FIG. 7 is a underlined section showing the results of the examination of the unknown RNA5' -end cDNA sequence obtained by high throughput sequencing using BLAT tools on the UCSC platform. It can be seen that the sequence in the 5' -terminal cDNA sequence of the unknown RNA obtained by high throughput sequencing (SEQ ID NO. 9): tagtacatcaagaacacagttccctg is not aligned to the genome, presumably due to the presence of different transcripts in unknown RNAs. The BLAT test results showed that the undetectable sequence (SEQ ID NO. 10) in the 5' -terminal cDNA sequence of the unknown RNA obtained by high-throughput sequencing was: ggcaggaatgaagatattctaag. The results of clone sequencing identification of the novel short fragments obtained from RNA-seq in the 5 'and 3' terminal two-strand cDNAs in example 9 confirm that the undetectable sequence is an intron sequence.

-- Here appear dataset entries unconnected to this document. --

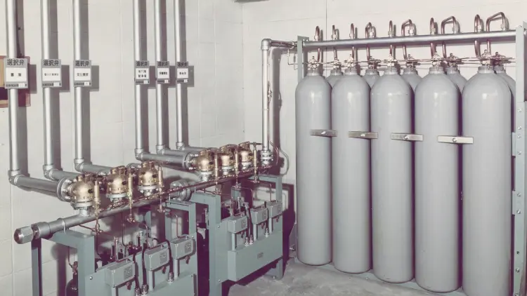 供給装置に使用していた圧力調整弁を利用し、加圧する大流量の窒素ガスを圧力調整することにより、窒素ガス容器の数だけ減圧弁を設置する他社のシステムとの差別化を図った。
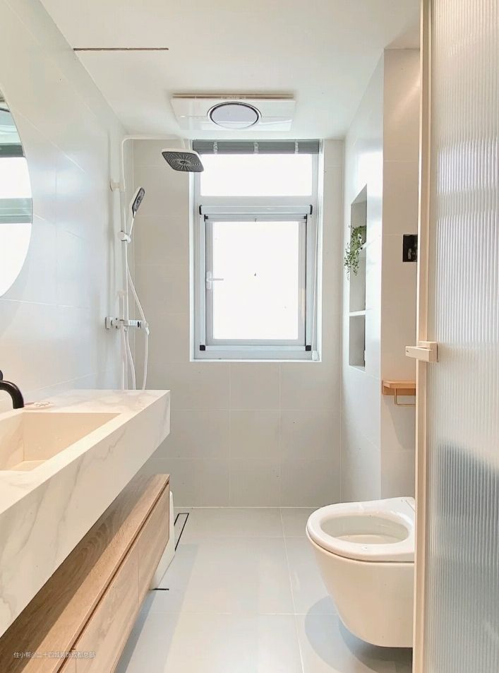 卫生间只有3.8㎡,首先给大家介绍硬装部分,墙砖尺寸是300*600,轻微的奶油白色,地砖尺寸600*600,轻微的灰白色,美缝是众力高01瓷白色。
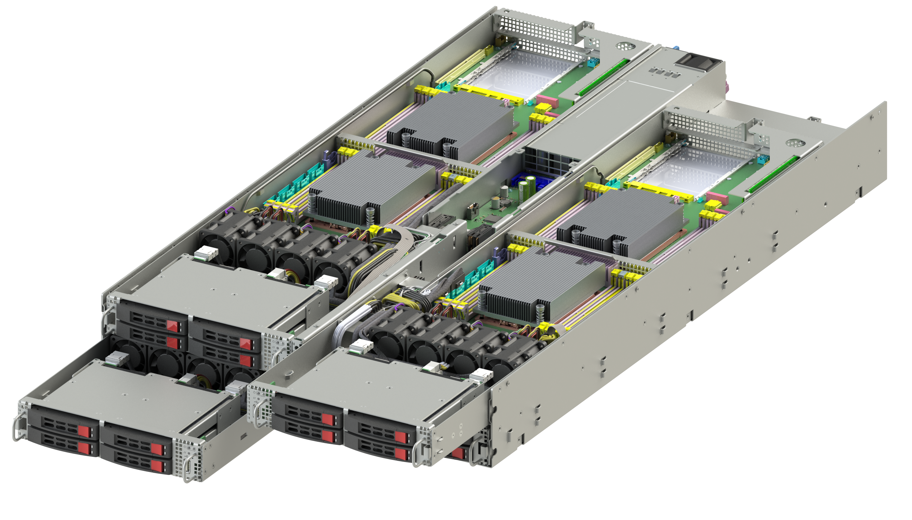 Сервер оборудован четырьмя вычислительными модулями, суммарно поддерживающими до 256 ядер процессоров и до 64 модулей DDR4 памяти, что обеспечивает масштабируемость и высокую плотность вычислений. Для расширения системы предусмотрены слоты PCIe 3.0 OCP Gen4 x16 и PCIe 16x LP для установки карт расширения, а также возможность установки двух карт M.2 в каждом модуле. Электропитание реализовано с помощью двух блоков по 3000 Вт с резервированием 1+1 для надежной работы в высоконагруженных условиях.
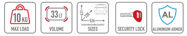 Méretei: 411 x 230 x 526 mm. Kapacitása 33 liter, maximális terhelhetősége 10 kg. Ez a méret ideális kisebb felszerelések, kabátok vagy akár egy nyitott sisak tárolására.
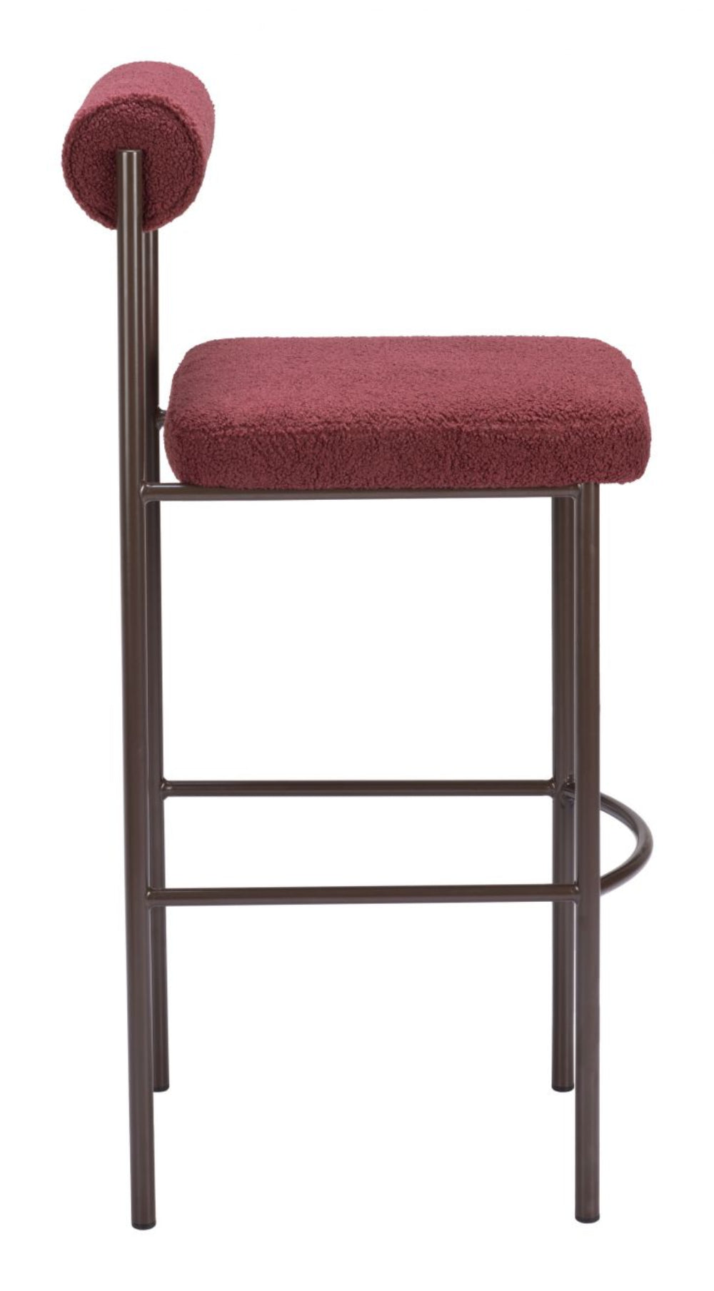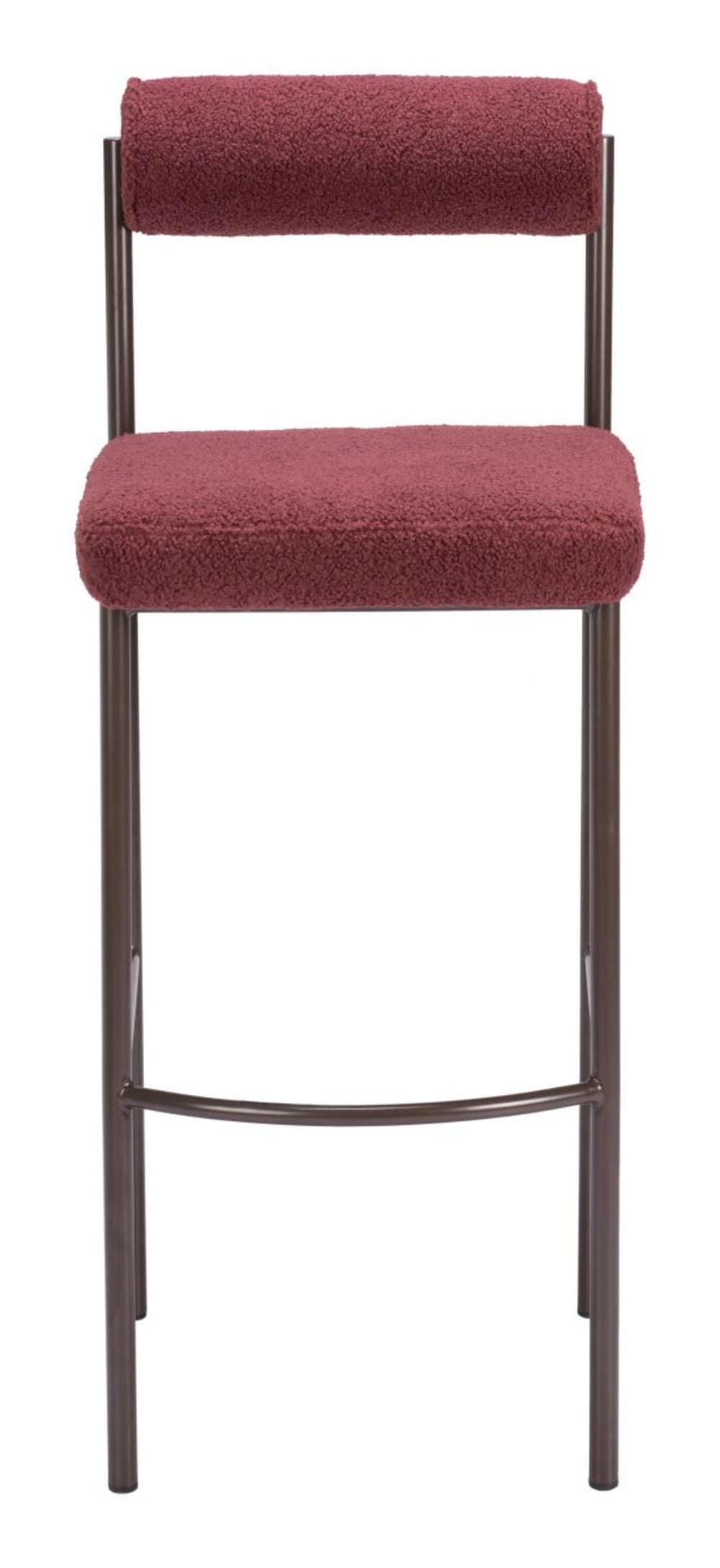 Zuo Modern Livorno Barstool 40.2"H, Red and Bronze Shearling Fabric Steel Contemporary,Set of 2

In summary, FIG. 8 is a underlined section of the results of the high throughput sequencing of the full-length cDNA sequence of unknown RNA, as tested on UCSC platform using BLAT tools. The BLAT test results show that the undetectable sequence (SEQ ID NO. 11) in the unknown RNA full-length cDNA sequence obtained by high throughput sequencing further comprises: tctctgttcctaaatttctggtgccataattcagggaactgtgttct. Since the 5' -terminal sequence of the unknown RNA has been obtained and this undetectable sequence is contained between the 5' -terminal sequence and the 5' -terminal reverse transcription initiation site, it can be presumed that it is contained in the cDNA sequence of the unknown RNA. The undetected sequence was identified by clone sequencing using a reverse transcription kit HiScript III SuperMix for qPCR (+gDNA wind) (Nanjinopran Biotechnology Co., R323-01). The upstream primer sequence (SEQ ID NO. 12) is: GTACCACTGAAAAGCCCACC, the downstream primer sequence (SEQ ID NO. 13) is: AAGTGCATTGCCTAACAGCC the fragment size is 177bp. The PCR results are shown in FIG. 9, and the results of clone sequencing confirm that the undetectable sequence is contained in the cDNA sequence of unknown RNA.
Finally, the full-length cDNA sequence of the unknown RNA (SEQ ID NO. 14) taken by high-throughput sequencing is: AAAGAAACAATCACACCCAATTCTATTTAGGTAAGCCAGTGACTTTATTGGGGTTACTTACAGGAGTGTGGATGACGCAAAGGTGGATGTACCACTGAAAAGCCCACCCCAGCATGGTGATGACTCATGAAAGCGGAATCCCTGGCATACTCTCTGTTCCTAAATTTCTGGTGCCATAATTCAGGGAACTGTGTTCTTGATGTACTATCTGAGACATTTGTGCTTCCCCCCATCCAGCTATCAGGCTGTTAGGCAATGCACTTCTAGGAATTAGAATTCTATAAGGAATCTCATGCTGGAAGAACAAAAAGACCCAGGTAGTACATCAAGAACACAGTTCCCTG, 344bp in length.
The full-length sequence of the unknown RNA (SEQ ID NO. 15) extracted by high-throughput sequencing is: CAGGGAACUGUGUUCUUGAUGUACUACCUGGGUCUUUUUGUUCUUCCAGCAUGAGAUUCCUUAUAGAAUUCUAAUUCCUAGAAGUGCAUUGCCUAACAGCCUGAUAGCUGGAUGGGGGGAAGCACAAAUGUCUCAGAUAGUACAUCAAGAACACAGUUCCCUGAAUUAUGGCACCAGAAAUUUAGGAACAGAGAGUAUGCCAGGGAUUCCGCUUUCAUGAGUCAUCACCAUGCUGGGGUGGGCUUUUCAGUGGUACAUCCACCUUUGCGUCAUCCACACUCCUGUAAGUAACCCCAAUAAAGUCACUGGCUUACCUAAAUAGAAUUGGGUGUGAUUGUUUCUUU, 344nt in length.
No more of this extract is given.